Meta Releases 'Self-Taught Evaluator', Capable of Evaluating Other AI Models

(Photo : Facebook)
Meta

Meta has released a new AI model, the "Self-Taught Evaluator," capable of evaluating other AI models.
The model uses a "chain of thought" technique and was trained entirely on AI-generated data.
This development could lead to autonomous AI agents that learn from their own mistakes.
Meta's release of the "Self-Taught Evaluator" marks a significant step towards autonomous AI.

Meta, the tech giant formerly known as Facebook, has made a significant leap in the realm of artificial intelligence (AI). The company recently announced the release of a new AI model, the Self-Taught Evaluator, which is capable of evaluating the work of other AI models.
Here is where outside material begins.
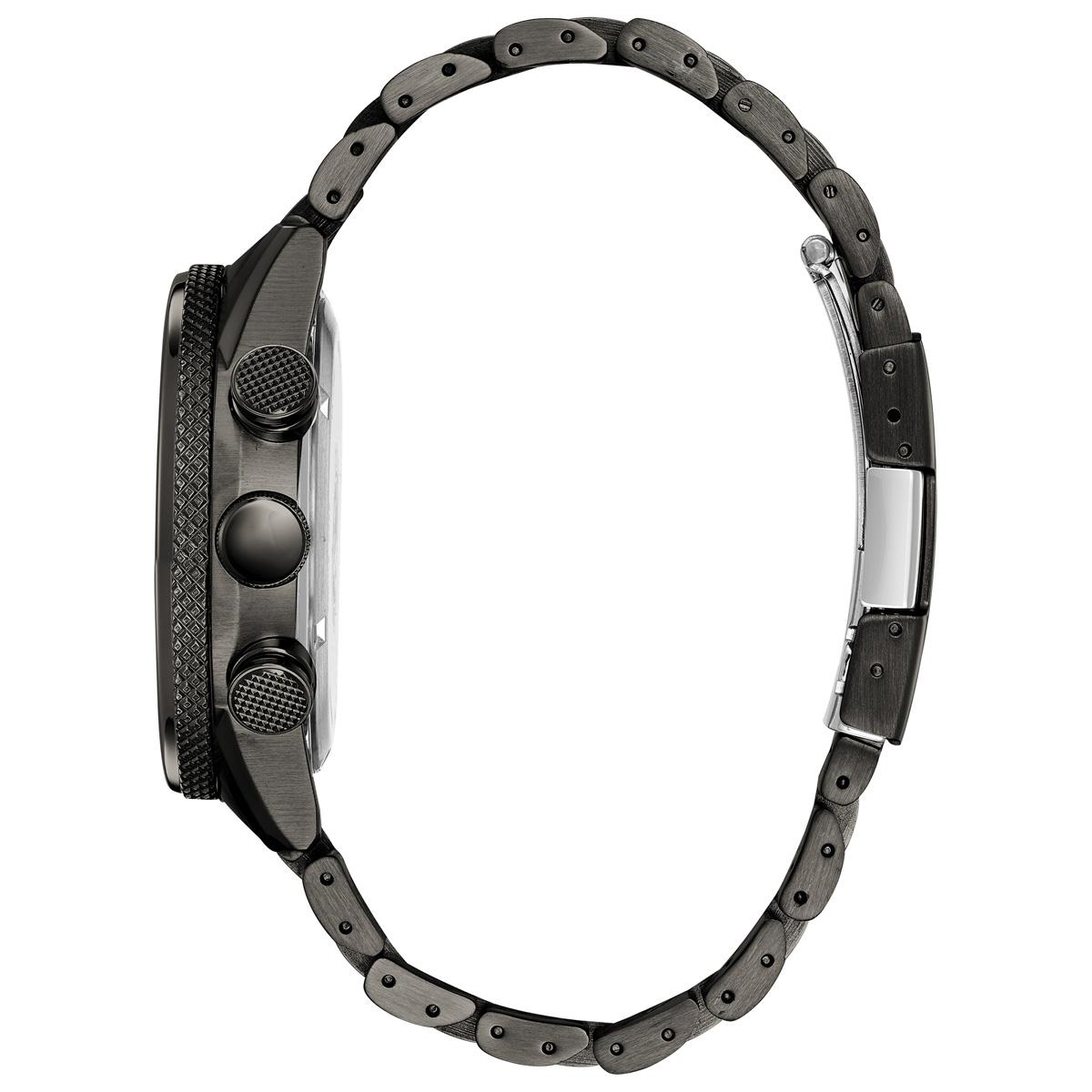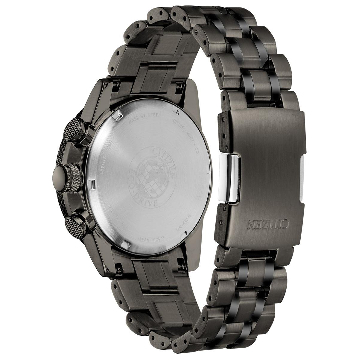 Style meets function in the Mens Citizen® Nighthawk with a sporty appeal. Designed with a granite ion plated stainless steel case and bracelet with a charcoal grey dial with red accents, the advanced features include a 1/5 second chronograph that measures up to 60 minutes, 12/24 hour time and a tachymeter that measures speed based on time traveled over a distance. This must have men’s watch also features a screw down crown, a safety foldover clasp with a push button, and water resistance to 200 meters. Made with our proprietary Eco Drive technology that’s sustainably powered by any light and never needs a battery, this versatile men’s watch becomes your weekday to weekend wardrobe staple.

The model, announced on October 18, 2023, in New York, could potentially reduce the need for human involvement in AI development. The Self-Taught Evaluator was first introduced in a paper published by Meta in August, employing a chain of thought technique, similar to the one used in OpenAI's recently released o1 models.
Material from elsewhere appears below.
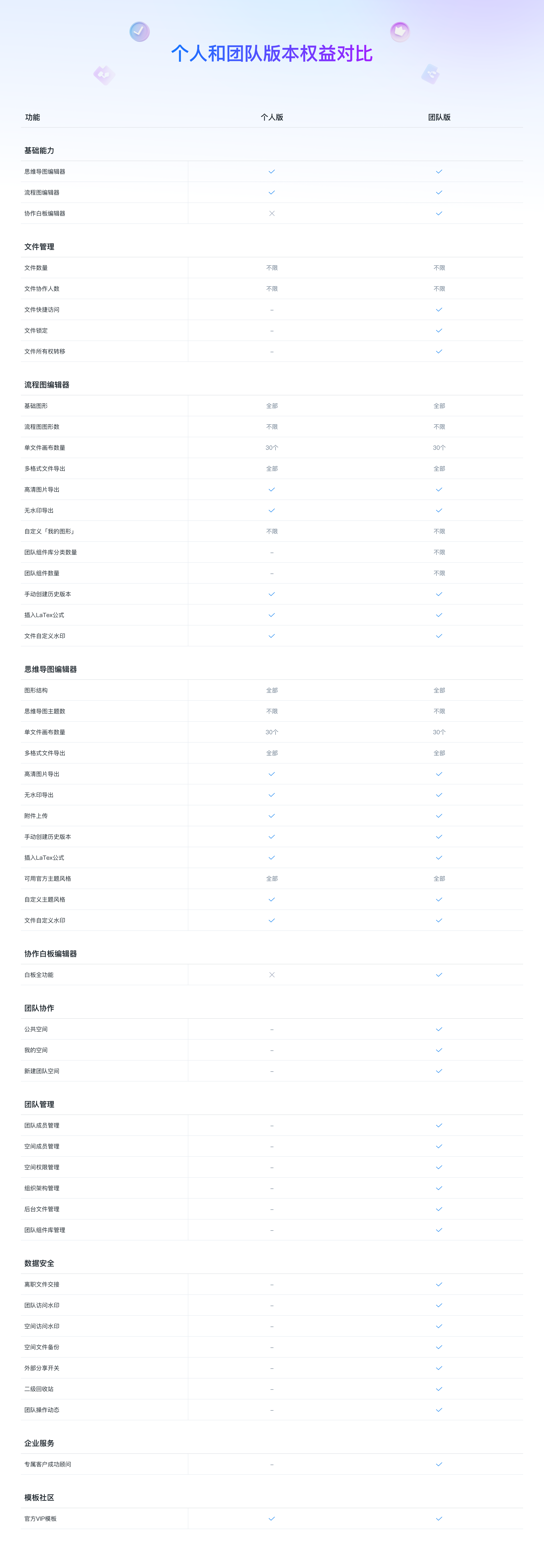 (*产品迭代速度较快,下方表格可能更新不及时,请以实际权益为准。)

This method involves breaking down complex problems into smaller, logical steps, thereby improving the accuracy of responses in challenging areas such as science, coding, and mathematics.

The model was trained entirely on AI-generated data, eliminating human input during that stage. This development hints at the potential of creating autonomous AI agents capable of learning from their own mistakes, according to two of Meta's researchers who spoke to Reuters.

Meta's Vision for Autonomous AI Agents

Such self-improving AI agents could one day operate as digital assistants, able to perform a wide range of tasks without human intervention. These models could also eliminate the current need for Reinforcement Learning from Human Feedback (RLHF), a process that relies on expensive, specialized human annotators to verify answers to complex queries.

We hope, as AI becomes more and more super-human, that it will get better and better at checking its work, so that it will actually be better than the average human, said Meta researcher Jason Weston. This vision of AI's future, where it surpasses human capabilities, is shared by many in the field.

However, Meta is not alone in its pursuit of advanced AI capabilities. Other companies, including Google and Anthropic, have also published research on the concept of RLHF, or Reinforcement Learning from AI Feedback. Unlike Meta, these companies tend not to release their models for public use.

Additional AI Tools from Meta

In addition to the Self-Taught Evaluator, Meta also released other AI tools. These include an update to the company's image-identification Segment Anything model, a tool that speeds up LLM response generation times, and datasets that can be used to aid the discovery of new inorganic materials.

These developments are reminiscent of historical events where technology companies have made significant strides in AI development. For instance, OpenAI, the maker of ChatGPT, has been working on a novel approach to its AI models in a project code-named Strawberry. This project aims to deliver advanced reasoning capabilities, a common goal shared with Meta's Self-Taught Evaluator.

Similarly, Google has been enhancing its Maps app with new AI features, including machine learning algorithms that improve its Search function and the AR-powered 'Lens in Maps' feature. These developments, like Meta's new AI model, aim to make technology more useful and autonomous, reducing the need for human intervention.

By training AI models to evaluate and learn from their own mistakes, Meta is paving the way for a future where digital assistants can perform a vast array of tasks without human intervention.